To evaluate the efficacy and safety of 0.1 mmol/kg gadodiamide administration for contrast-enhanced magnetic resonance angiography (MRA) in detecting hemodynamically relevant renal artery stenosis (RAS) when compared with intraarterial digital subtraction angiography (IA-DSA) as the gold standard.

In a multicenter, controlled study, 395 patients with suspected or known RAS were included. Three independent readers evaluated the MRA images. Two readers evaluated the IA-DSA images and subsequently achieved consensus.
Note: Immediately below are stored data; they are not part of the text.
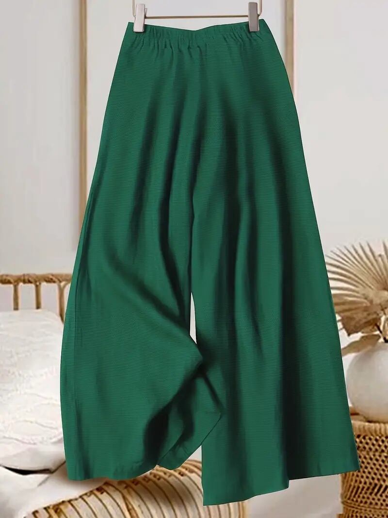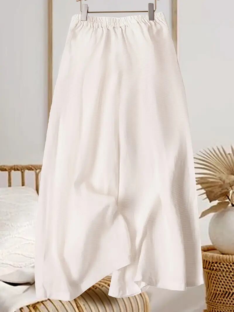 【送料無料】レディース レトロハイウエストワイドレッグスカートパンツ - 軽量通気性リネン、九分丈ポケット付き、春夏秋用リラックスフィット、カジュアルからセミフォーマルウェア、流れるシルエットの夏ファッション|高品質仕上げ K02493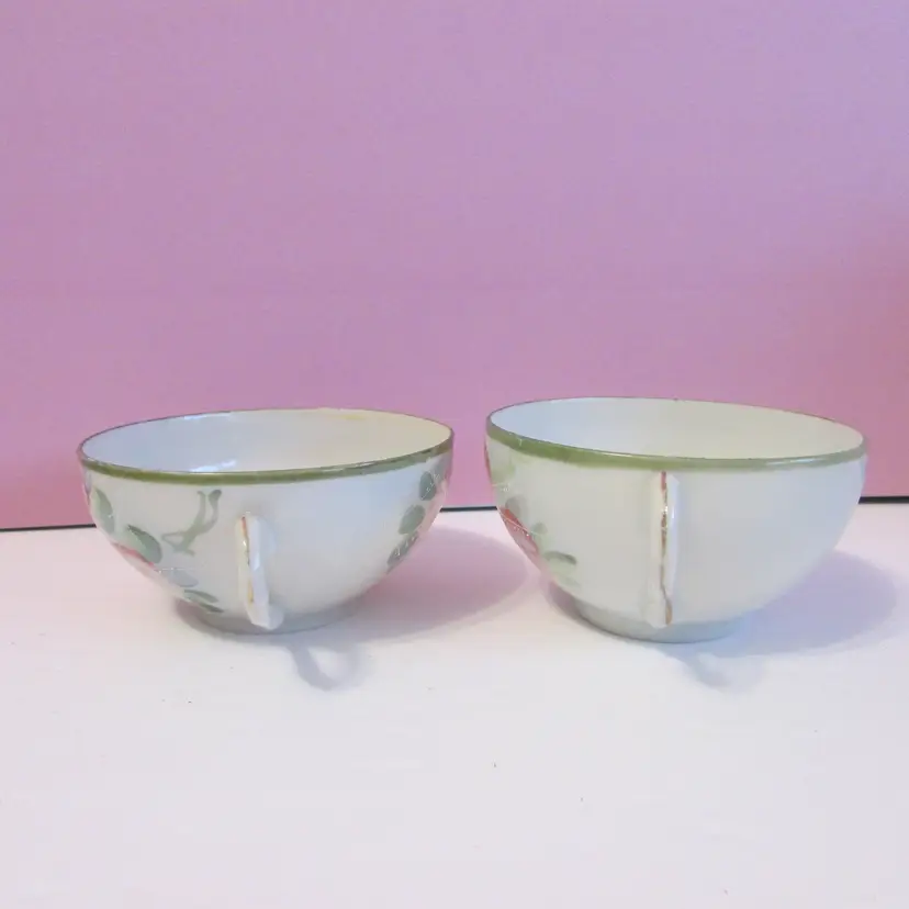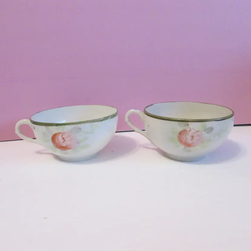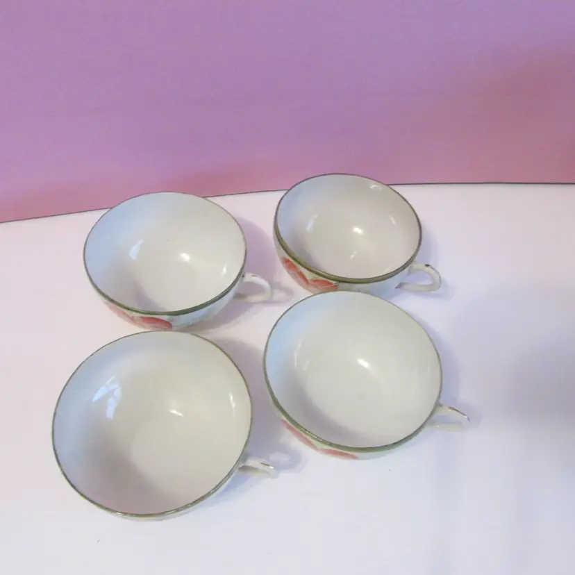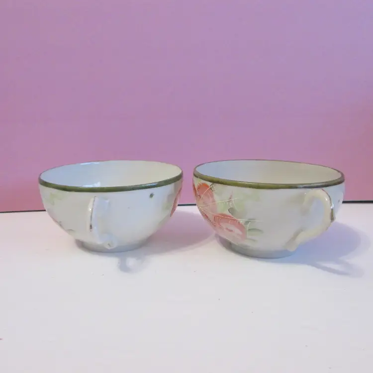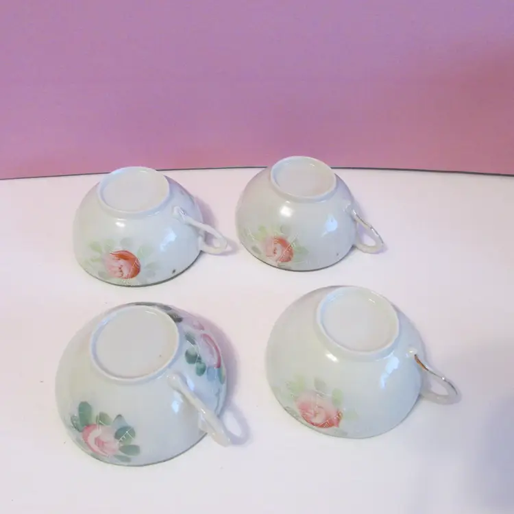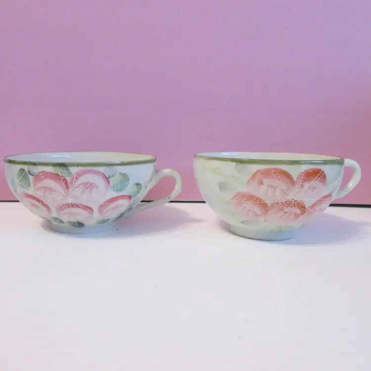 This beautiful set has some wear, but still a lovely set to use and display. There is a raised design over the flowers, it reminds me of cobwebs.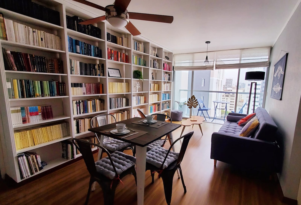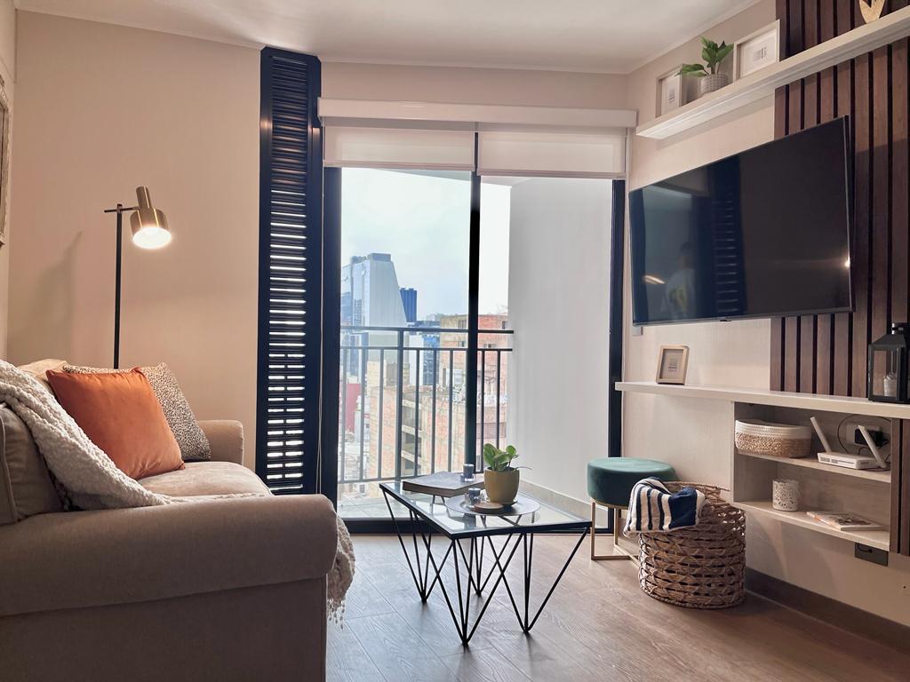 Enjoy a stylish experience at this centrally-located condo in one of the most sought out neighborhoods in Lima: San Isidro. Located near shops, restaurants, hotels, and easy access to all major districts in Lima. Professionally decorated and styled to maximize guests comfort and experience. Located in the ninth floor , near pent house where all outdoor amenities are located ( outdoor grill!). 24/7 security with gated access. NEW!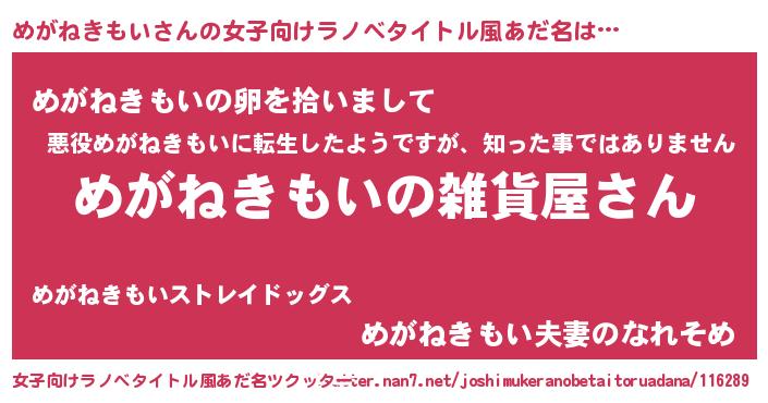 | 男性向けラノベタイトル風あだ名 | 『やはりめがねきもいの青春ラブコメはまちがっている 』 |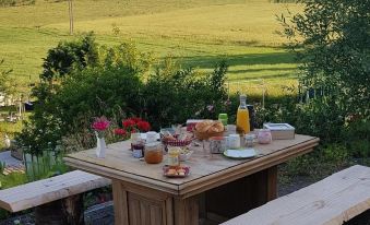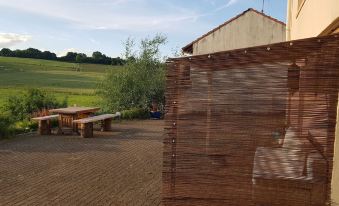 Établissement dans une commune assez calme. Chambre propre. La salle pour le petit déjeuner est à revoir: assez par un escalier un peu abrupt et on arrive dans un ancien garage. La propriétaire est peu disponible pour privilégier son activité principale en télétravail, contact téléphonique. La vue donne sur des prairies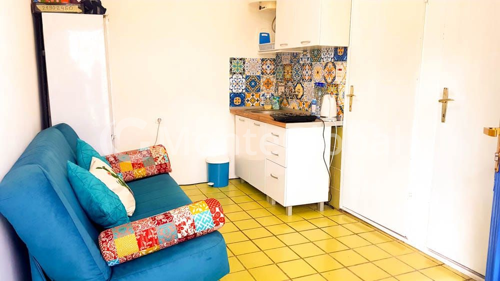 The layout includes: a terrace, a combined living room with a kitchen, a bedroom, a bathroom and a storage room.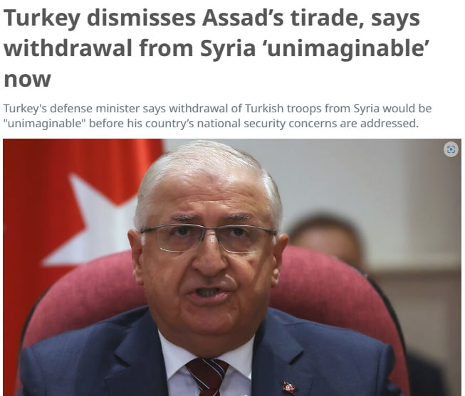 🇹🇷❌🇸🇾 Bộ trưởng Quốc phòng Thổ Nhĩ Kỳ Yasar Guler bác bỏ yêu cầu của Tổng thống Syria Bashar al-Assad về việc Thổ Nhĩ Kỳ rút quân khỏi phần phía bắc của đất nước bị chiến tranh tàn phá, nói rằng kết quả như vậy là không thể nếu không có Ankara “đảm bảo” an ninh biên giới.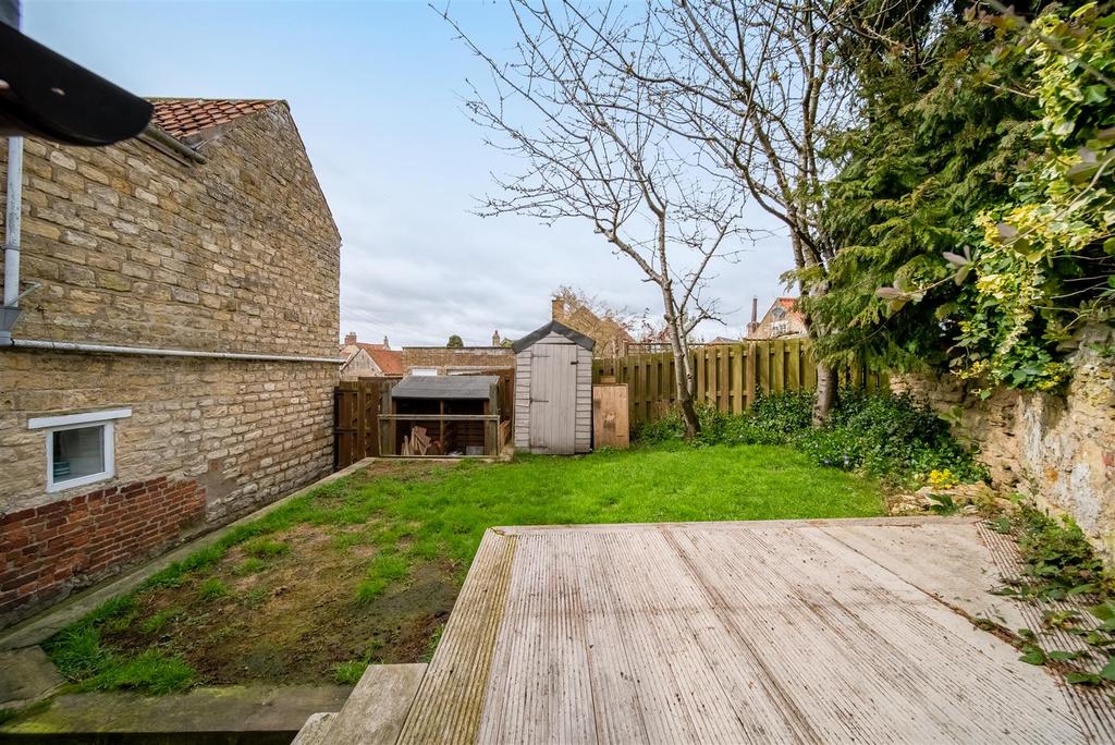 Rear Garden - Raised garden, mainly laid to lawn with plant and shrub borders, decking, outside tap, outside lights, side entrance and a tap, side entrance, shed, log store.
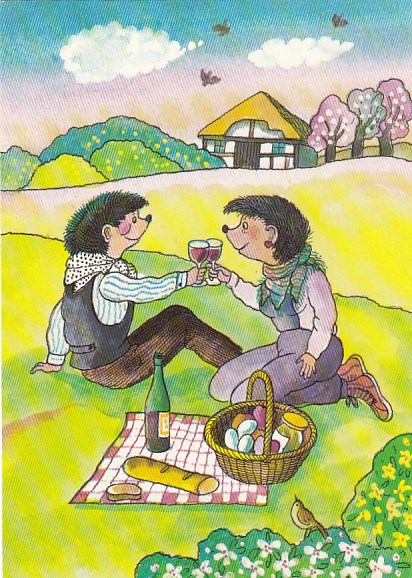 Igel Märchen Ansichtskarten DDR 1960 Wein Alkohol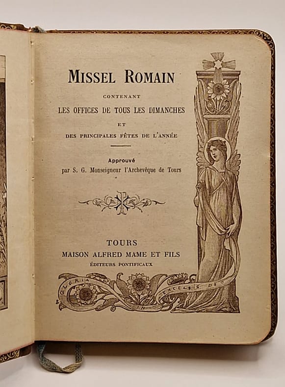 Alfred Mame & Fils, Tours. 1896. In-18. Relié plein cuir. Etat d'usage, Couv. convenable, Dos à nerfs, Intérieur acceptable. 543 pages. Gravure en noir et blanc en frontispice. Illustré de quelques gravures en noir et blanc sur planches hors texte. Texte encadré de gravures ornementales en noir. Texte sur 2 colonnes, en latin et en français. Titre et filets dorés sur le dos. Cadre ornemental doré sur la couverture. Tranche dorée. Annotation d'époque en page de garde. Frontispice détaché.. . . . Classification Dewey : 262-Ecclésiologie, bréviaires
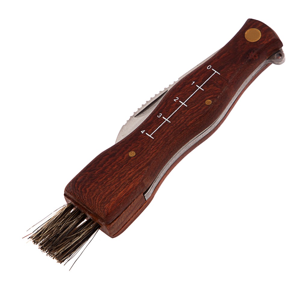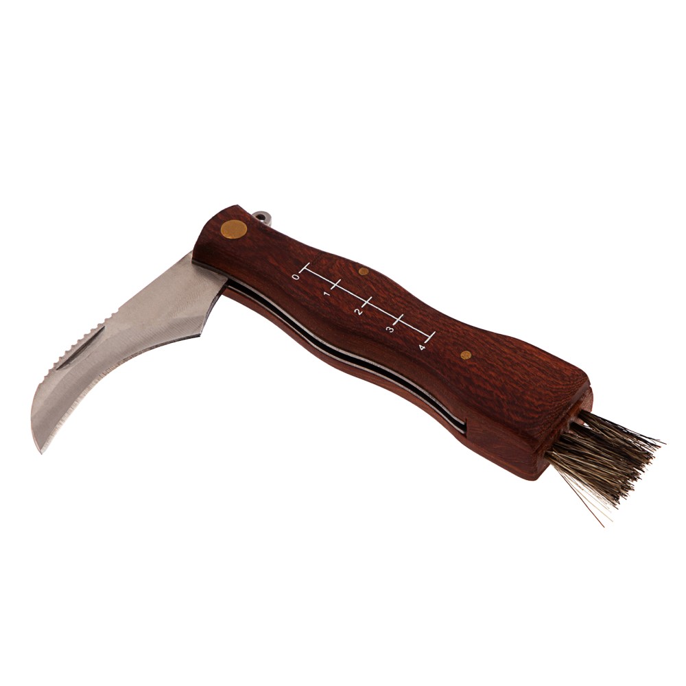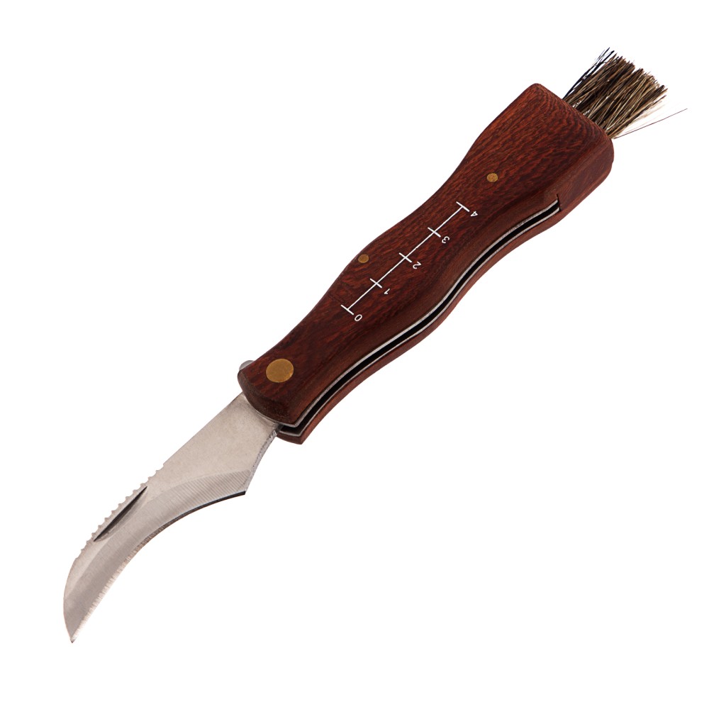 Складной нож Palisad 79005 длиной 185 мм с деревянной рукояткой пригодится грибникам для удобного сбора грибов. Складная конструкция позволяет безопасно транспортировать нож, при этом он легко поместится в карман. Лезвие серповидной формы с остро заточенной режущей кромкой легко срезает даже толстые ножки грибов.ПреимуществаДолговечность и надежность ножа достигается благодаря лезвию из нержавеющей стали, закаленной до твердости 48-50 HRC.Нож оснащен кисточкой из натуральной щетины для очищения шляпок грибов от мелких листьев, хвои и другого мусора.Специальные зазубрины на верхней кромке лезвия помогают очистить ножки грибов от земли и грязи.Выемка на лезвии позволяет легко открывать нож.Шкала на рукоятке помогает измерить длину грибов.Рукоятка из древесины ротанговой пальмы пропитана маслом, защищающим ее от рассыхания и разбухания под воздействием влаги.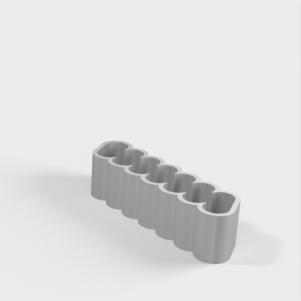 Dessa batterihållare är enkla att skriva ut och perfekta för förvaring av AA- och AAA-batterier. Hållare finns i olika konfigurationer som var och en rymmer upp till 16 batterier.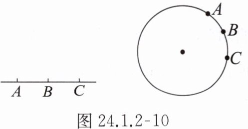 思考2:如图24.1.2-10,同一条直线上的两线段AB,BC有数量关系$AB + BC = AC$,那么同一圆弧上的两段弧$\overset{\frown}{AB}$,$\overset{\frown}{BC}$与$\overset{\frown}{AC}$有什么关系?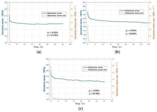The results of the single-stage relaxation tests are shown in Figure 4, where the primary y axis is representing the change of the deviatoric stress and the secondary y axis is representing the change rate of the deviatoric stress. Based on the deviatoric stress changing rate, three relaxation stages, which are rapid relaxation, decelerated relaxation, and steady relaxation, can be observed in all three test cases. It is summarized in Table 2, where q is denoted for initial deviatoric stress, whose value are MPa, MPa and MPa, respectively. represents the initial unchanged axial strain and denotes the relaxation rate of axial stress as shown in in Table 2. Furthermore, is the residual deviatoric stress at time t which have been demonstrated in Table 2 Column 3. In this context, the stress relaxation degree is defined as:
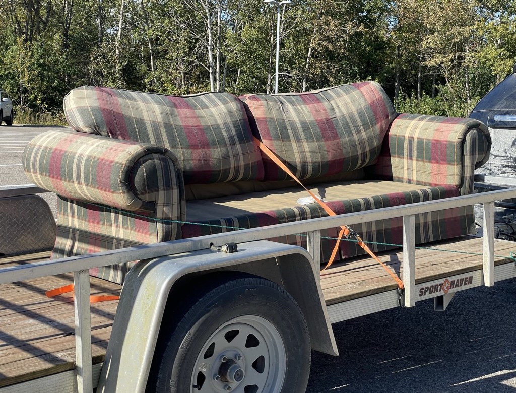 Back on the road, we realized the time and decided to stop for a quick snack. Pulling into a fast food place, we were shocked to see a couch on a flat bed trailer. To be more specific, we saw what looked like Ian’s couch, right down to its missing its feet and looking a bit faded and worse for wear. Several staff members went out to see it while we were there, as its owner was trying to find a new home for it. We got a hearty laugh out of the whole situation.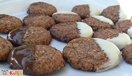 Pečemo na 180 stopinj približno 10 minut. Ko vzamemo piškote iz pečice, morajo biti še mehki, saj se naknadno strdijo. Paziti je potrebno, da se čokolada ne zažge, saj potem piškoti grenijo. Ohlajene piškote do polovice pomočimo v raztopljeno kuverturo.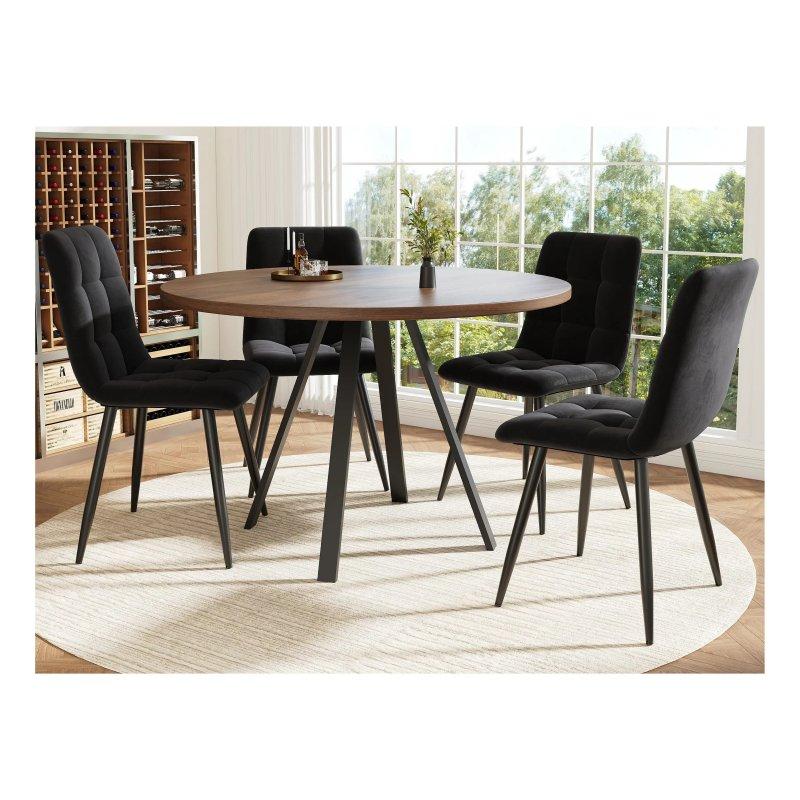 Masif akaçya ahşaptan yapılmış bu 6 parçalı yemek takımı, 140×85 cm ölçülerinde ve 77 cm yüksekliğinde tasarlanmıştır. Tezgah plakası 26 mm kalınlığında olup, doğal ağaç kenarı görünümüne sahiptir. Siyah boya ile kaplanmış U şeklindeki metal ayaklar, masaya yüksek stabilite ve tasarıma uygun bir kontrast sağlar. Takım, 4 adet gri renkli sandalye ve 140×40 cm ölçülerinde masif akaçya ahşaptan yapılmış bir oturma bankası içerir. Sandalyeler 48 cm oturma yüksekliğinde, 55 cm oturma derinliğinde ve 86 cm toplam yüksekliğindedir. Gri sandalyeler ergonomik tasarıma ve döşemeli oturma yüzeyine sahip olup, rahat bir oturma deneyimi sunar. Yüzeyleri su ve bez ile kolayca temizlenebilir. Bankasının oturma yüksekliği 45 cm, oturma derinliği 40 cm ve malzeme kalınlığı 26 mm’dir. Her ürün doğal ağaç desenleri nedeniyle benzersizdir. Takım, basit montaj gerektiren paket servisi ile güvenli şekilde teslim edilir. Ağırlığı 48 kg’dır.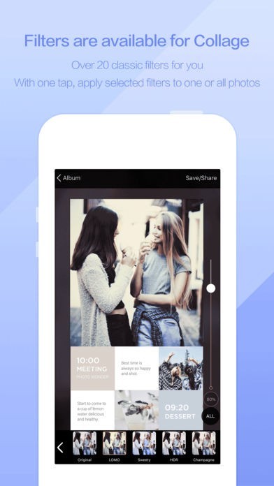 「Photo wonder」は美しく写真に写りたいという人に最適な画像処理アプリになります。このアプリには美容機能がついているのでタップ操作とドラッグ操作だけで人の肌を美白にしたり、ニキビやシミを消して美しい肌にしたり、瞳を拡大したりといったことが可能になっているので誰でも美しく写真にうつることができるようになっています。エフェクトやフレームを使うことでプロが撮影したかのようなモノクロ写真などを撮影することもできます。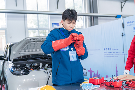 本次大賽由金磚國(guó)家工商理事會(huì)、中方理事會(huì)、一帶一路暨金磚國(guó)家技能發(fā)展國(guó)際聯(lián)盟、中國(guó)科協(xié)一帶一路暨金磚國(guó)家技能發(fā)展與技能創(chuàng)新培訓(xùn)中心主辦;中國(guó)發(fā)明協(xié)會(huì)、教育部中外人文交流中心聯(lián)合主辦;中國(guó)交通教育研究會(huì)專項(xiàng)賽聯(lián)合主辦;金磚國(guó)家工商理事會(huì)(中方)技能發(fā)展工作組承辦;中國(guó)交通教育研究會(huì)職教分會(huì)、一帶一路暨金磚國(guó)家技能發(fā)展國(guó)際聯(lián)盟交通職業(yè)教育與技能發(fā)展工作委員會(huì)、安萊(北京)汽車研究院、嘉興市交通學(xué)校(嘉興交通技工學(xué)校)、上汽通用五菱汽車股份有限公司、北京教盟博飛汽車科技有限公司、北京嘉克新興科技有限公司聯(lián)合承辦;中國(guó)交通教育研究會(huì)職教分會(huì)汽車專業(yè)委員會(huì)、中國(guó)工業(yè)合作協(xié)會(huì)產(chǎn)業(yè)與職業(yè)教育發(fā)展專業(yè)委員會(huì)、深圳市百思泰科技有限公司協(xié)辦,是一項(xiàng)國(guó)際性大賽。自2017年首屆金磚大賽成功舉辦起,六年來,金磚五國(guó)技能組累計(jì)舉辦180余場(chǎng)金磚賽事,中方技能組累計(jì)帶領(lǐng)國(guó)內(nèi)選拔出的800余名專家和選手赴南非、俄羅斯或者是線上遠(yuǎn)程參賽。本次比賽獲得前兩名的選手明年也有望出國(guó)比賽。

The sensitivities and specificities of gadodiamide-enhanced MRA were analyzed at the per-patient and per-vessel levels (exact 1-sided binomial test at alpha = 0.025 with 95% confidence interval).

A total of 335 patients who had available standard of truth and MRA tests were included in the all-subjects efficacy population: 55.5% (186/335) men and 44.5% women with a mean age of 63 +/- 13 years (range 17-85 years). The sensitivities and specificities ranged from 81% to 86% for all independent readers at the per-patient analysis based on subjects with the diagnostic images. Similar results were achieved with per-vessel level analysis. Fewer than 1% of patients had adverse event associated with gadodiamide administration. There were no cases of nephrogenic systemic fibrosis (NSF) reported.

Gadodiamide administration at the labeled dose of 0.1 mmol/kg for contrast-enhanced MRA achieved equivalent results compared to IA-DSA in evaluation of RAS and was well tolerated.